Material supplied:
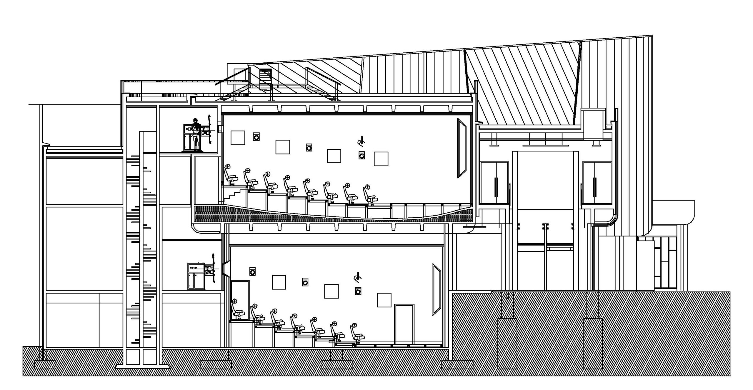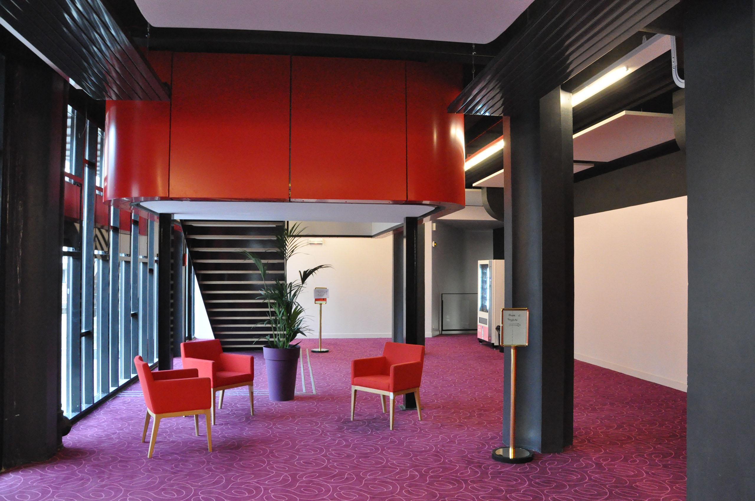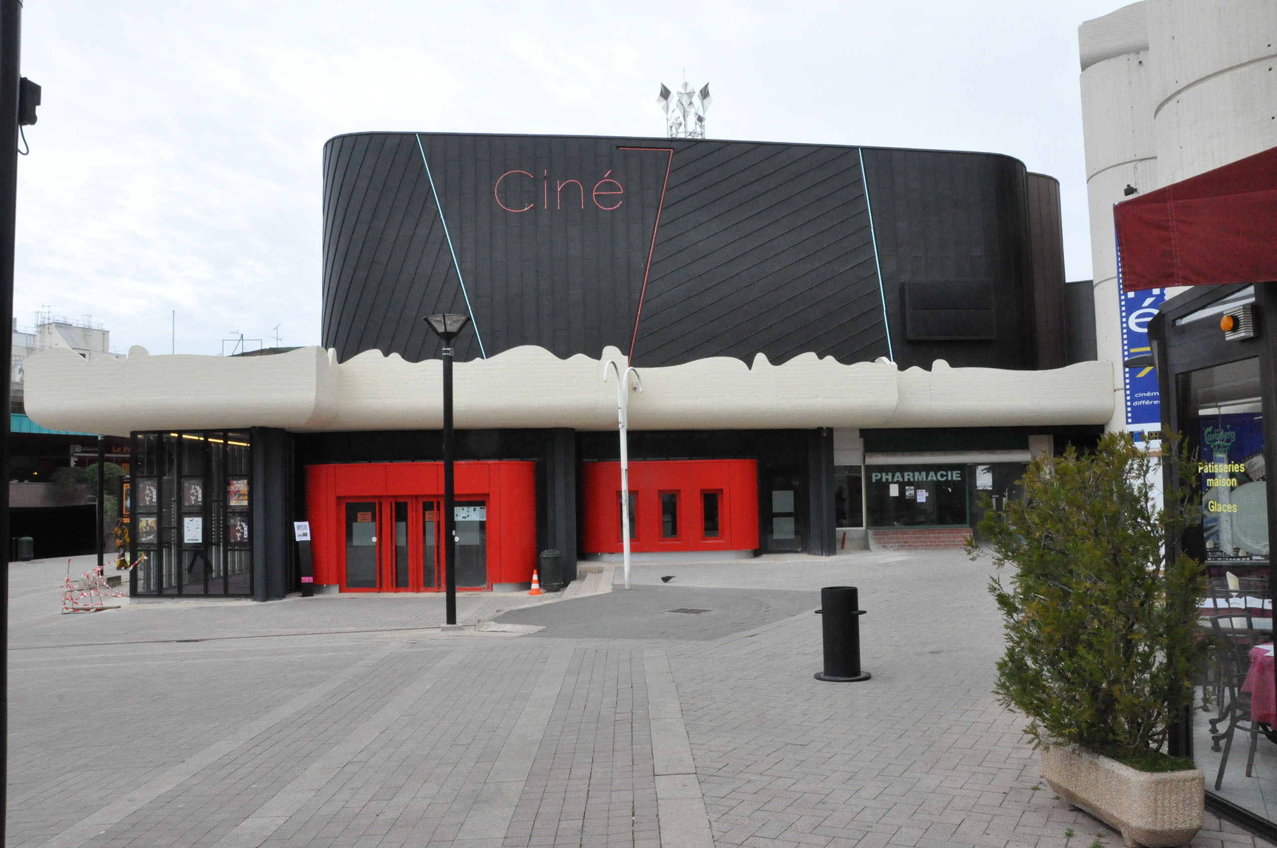 Restructuration lourde du cinéma de deux salles Ciné 7 à Élancourt et extension à l'intérieur de l'existant avec création d'une troisième salle partiellement creusée en sous-sol, aménagement d'un hall plus vaste, mise en accessibilité de l’ensemble du bâtiment, déplacement des sanitaires et réfection complète du système de chauffage et de ventilation.
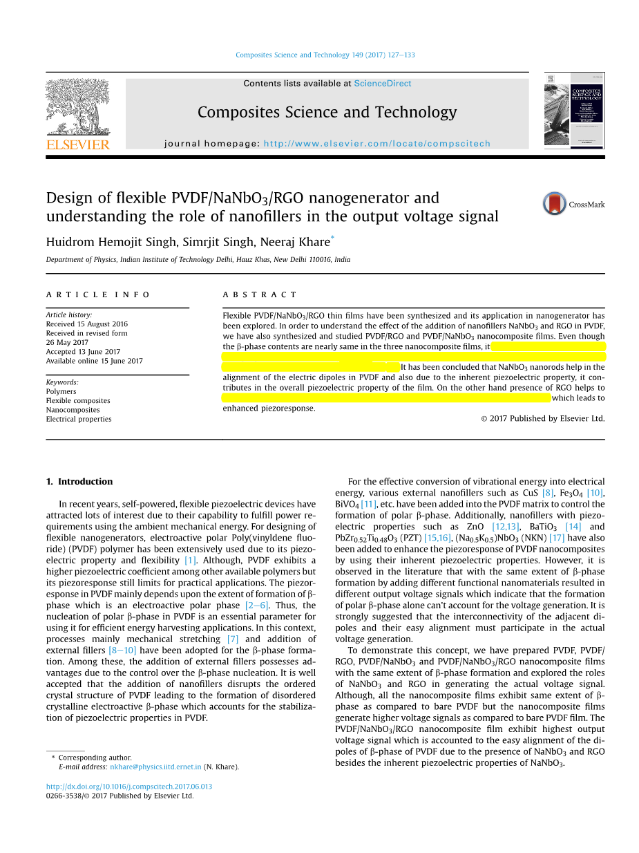 柔性PVDF/NaNbO3/RGO纳米发电机的设计与纳米填料在电压输出中的作用
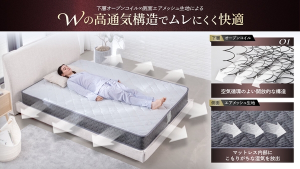 二重の通気構造により、睡眠中も快適な状態を維持。下層のオープンコイルは、空気の循環に優れた開放的な設計で、ムレや熱のこもりを防ぎます。さらに、側面のエアメッシュ生地がマットレス内部の湿気を効果的に放出。寝ている間も快適な温度と湿度を保ち、朝まで深い眠りをサポートします。
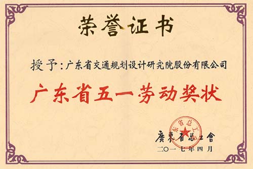 2017年4月27日,在“五一”国际劳动节来临之际,从“2017年广东省庆祝五一国际劳动节暨劳模表彰大会”上传来喜讯——公司凭借其在推进科学发展、体制改革、管理创新和市场开拓等方面的突出表现,经省交通工会推荐,报省总工会评审通过,荣获广东省五一劳动奖状荣誉称号。这是公司首次获此殊荣。
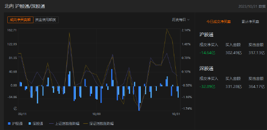 10月31日消息,北向资金全天净卖出47.53亿元,其中沪股通净卖出14.64亿元,深股通净卖出32.89亿元。北向资金10月累计净卖出近447.86亿元,2015年以来首次连续3月减仓。北向资金9月减仓A股374.6亿元,8月减仓A股896.82亿元。
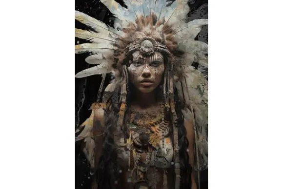Glasschilderij Native 080120-1031 van het merk Ter Halle is 80 cm breed en 120 cm hoog. Op dit schilderij is een vrouw afgebeeld met een hoofdtooi. Een glasschilderij heeft levendige kleuren, een glanzende afwerking en een realistisch diepte-effect. Al deze eigenschappen zorgen voor de luxe uitstraling van een glasschilderij. Dit schilderij wordt met een ophangsysteem geleverd.

Problem description:
Should the entries hold any pictures, please omit those and print the remaining text exactly.

Result:
 Restructuration lourde du cinéma de deux salles Ciné 7 à Élancourt et extension à l'intérieur de l'existant avec création d'une troisième salle partiellement creusée en sous-sol, aménagement d'un hall plus vaste, mise en accessibilité de l’ensemble du bâtiment, déplacement des sanitaires et réfection complète du système de chauffage et de ventilation.
 柔性PVDF/NaNbO3/RGO纳米发电机的设计与纳米填料在电压输出中的作用
 二重の通気構造により、睡眠中も快適な状態を維持。下層のオープンコイルは、空気の循環に優れた開放的な設計で、ムレや熱のこもりを防ぎます。さらに、側面のエアメッシュ生地がマットレス内部の湿気を効果的に放出。寝ている間も快適な温度と湿度を保ち、朝まで深い眠りをサポートします。
 2017年4月27日,在“五一”国际劳动节来临之际,从“2017年广东省庆祝五一国际劳动节暨劳模表彰大会”上传来喜讯——公司凭借其在推进科学发展、体制改革、管理创新和市场开拓等方面的突出表现,经省交通工会推荐,报省总工会评审通过,荣获广东省五一劳动奖状荣誉称号。这是公司首次获此殊荣。
 10月31日消息,北向资金全天净卖出47.53亿元,其中沪股通净卖出14.64亿元,深股通净卖出32.89亿元。北向资金10月累计净卖出近447.86亿元,2015年以来首次连续3月减仓。北向资金9月减仓A股374.6亿元,8月减仓A股896.82亿元。
Glasschilderij Native 080120-1031 van het merk Ter Halle is 80 cm breed en 120 cm hoog. Op dit schilderij is een vrouw afgebeeld met een hoofdtooi. Een glasschilderij heeft levendige kleuren, een glanzende afwerking en een realistisch diepte-effect. Al deze eigenschappen zorgen voor de luxe uitstraling van een glasschilderij. Dit schilderij wordt met een ophangsysteem geleverd.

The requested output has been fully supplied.